Many believe “psychosomatic” means “not real” or “all in your head.” The book reveals that psychosomatic illness is entirely real—the brain genuinely creates symptoms through expectation, fear, and predictive coding. The distinction matters: recognizing an illness as psychosomatic allows different treatment approaches.

Risk Factors Are Not Diseases, Yet Society Treats Them As Such

Having a BRCA variant means you will get cancer—this is how many people understand it. The book reveals that BRCA variants confer risk, not certainty. Unlike Huntington’s disease (certain if gene present), many BRCA carriers never develop cancer. Yet risk-reducing surgery decisions are made as though risk equals certainty.

Medication Efficacy Is Often Overstated

ADHD medication significantly improves functioning in adults—this is the common assumption. The book reveals that a 2022 Cochrane review found methylphenidate no better than placebo in adults. Depression’s “serotonin theory” was disproven by a 2023 Nature meta-analysis.

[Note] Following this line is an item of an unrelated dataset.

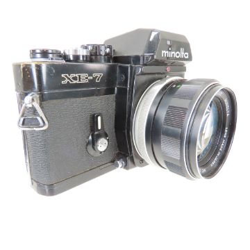 Minolta XE-7 35mm Film Camera with lenses 58mm f/1.4, 35mm f/2.8 & new in box 135mm f/3.5 Please read terms & conditions and ask questions before bidding.

Critical Warnings and Considerations

Mental Health Warnings

This book challenges psychiatric diagnosis and medication efficacy, particularly for mild-to-moderate presentations. For people with severe mental illness, psychiatric diagnosis and medication can be life-saving. However, for those with mild depression, anxiety, or ADHD, non-medical interventions may be equally or more effective.

Do not discontinue psychiatric medication based on this book’s arguments without consulting your prescriber; abrupt cessation can cause harm.

When to Seek Professional Help

This book is not an argument against medical care—it’s an argument against unnecessary and potentially harmful medicalization. Seek professional help if your symptoms genuinely impair multiple areas of your life, you’ve suffered significant trauma or abuse, you’re experiencing suicidal thoughts, medical investigation has revealed an actual disease, or you’re isolated and struggling without support.